Glyphosate is a complicated molecule but it is made up entirely of carbon, hydrogen and oxygen, and breaks down into water and carbon dioxide. If you have animals, sprayed plants are safe once the spray has dried, so just keep them in til then. I too think 'mostly organic' is good enough. I don't use insectices or fungicides outside, but I have inherited vast tracts (well, a lot) of ground elder, bindweed and couch grass in my new garden. I've dug where I want the ground quickly but you won't get rid of bindweed by digging. I once (when my back was stronger) dug down to find how deep bindweed roots go. I gave up at about 4 feet. The bindweed kept going.
l haven't sprayed anything as there seems to be those who say grow plants trongly, so l follow this path.
When Gardeners World Presenter Monty Don left the programme we were shown a 'Deja vu' of many past presenters. However the BBC seems to have 'Air brushed' the late Geoffrey smith out. his Series 'The World of Flowers' was, in my view , unmatched as the 'missing link' between Botany 7 gardening. Let us see a 'Re-Run' & make the series available to buy on DVD.
i sprayed my lawn with some weedkiller ,sorry cant remember the name of it,its made all my grass brown, help, will it grow back next yr, ,it was full of moss, i thought it would get rid of the moss, now my lawn which is about 20ft x 8 is a right mess.the only thing alive is weeds comeing back up
I recommend people get better informed about pesticides and weedkillers generally. There is so much inf on the net, there's no excuse for ignorance now. We need to relax about 'weeds' more & welcome biodiversity. We are leaving our back lawn to become a meadow, and have trefoils, selfheal, clover and vetches in it - lovely.

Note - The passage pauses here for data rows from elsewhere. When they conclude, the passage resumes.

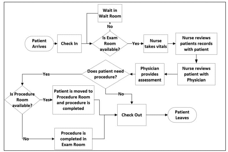 A main goal of healthcare organizations is to provide effective and efficient care. With this goal in mind, healthcare organizations have identified the necessity in analyzing and studying their systems and processes to improve operational performance. The design of healthcare facilities is one area that can impact the quality and effectiveness of care that patients receive. The number of treatment rooms, available equipment, and available physicians are a few of the many design choices that healthcare planners must determine when designing a system. Additionally, there have been several key healthcare trends that have increased the need for more carefully planned facilities; the focus on reduction of cost while increasing quality, the growing importance of improving patient satisfaction, and the shift in facility use to more outpatient care (Ulrich 2001). Poorly designed healthcare facilities cultivate environments that can cause long patient waits and congestions which can result in increased stress for healthcare staff (Rohleder et al. 2011), and ailments that were commonly treated via inpatient settings are transitioning to outpatient settings due to significant reduction in costs, increased patient quality of life, and decreased chance for hospital acquired infections (Vaughn et al. 2016). Addressing issues that arise from poorly designed facilities can have a great impact on the operational performance (Ulrich et al. 2008). For these reasons, healthcare centers are now being designed to consider the new demands for outpatient treatments.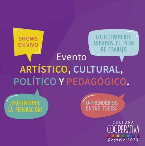 CULTURA COOPERATIVA es un evento federal, artístico, cultural, político y pedagógico. La edición 2023 está volcada a la presentación de la FEDERACIÓN DE COOPERATIVAS CULTURALES de la Argentina y al armado colectivo de su plan de acción a un año. El encuentro se realiza este fin de semana en el bar cultural D7 de la ciudad de Rosario, gestionado por la Cooperativa Distrito 7.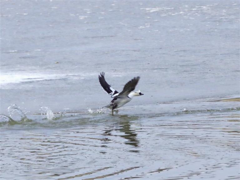 斑頭秋沙鴨是我國(guó)“三有”保護(hù)動(dòng)物,它還有一個(gè)萌萌的名字,叫“熊貓鴨”。瞧,它那黑白相間的羽毛,眼睛周?chē)托茇堃粯樱翊髁艘桓蹦R,時(shí)而潛入水下追捕魚(yú)兒,時(shí)而與同伴嬉戲,時(shí)而振翅飛翔,可愛(ài)活潑的模樣在水面上格外顯眼。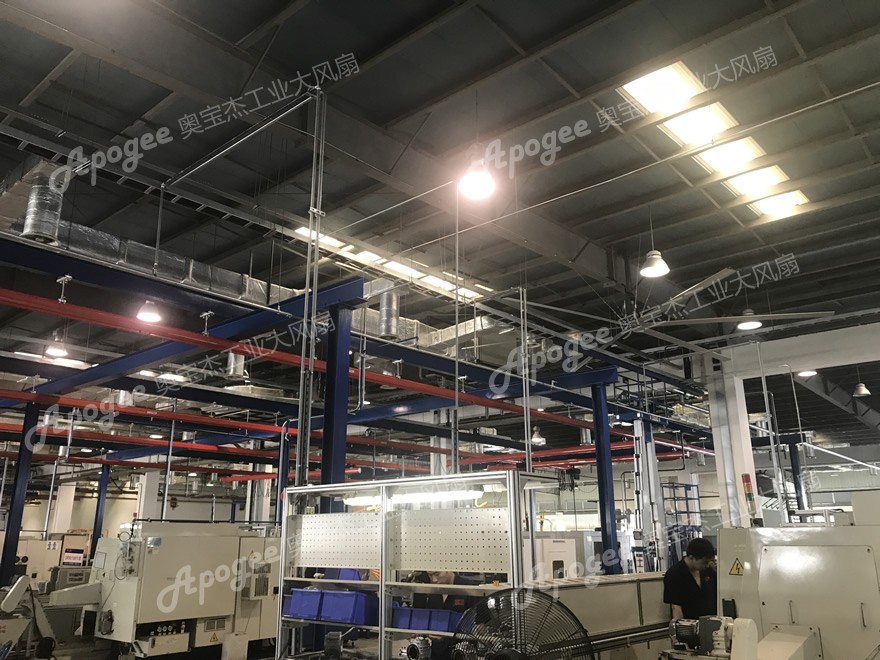 昆山機床車間屋頂復(fù)雜行車工業(yè)大風(fēng)扇案例

I'm with you there! As the years passed more and more rapidly I found it increasingly difficult to cope with hours of grass-cutting every week, and mowers that were for ever breaking down, so ,as I prefer biodiversity anyway, I decided to get rid of my three lawns and do some more interesting gardening. Glyphosate was the answer and I still can grow broad beans free of blackfly and seldom have any other pests, because the wildlife has not been affected.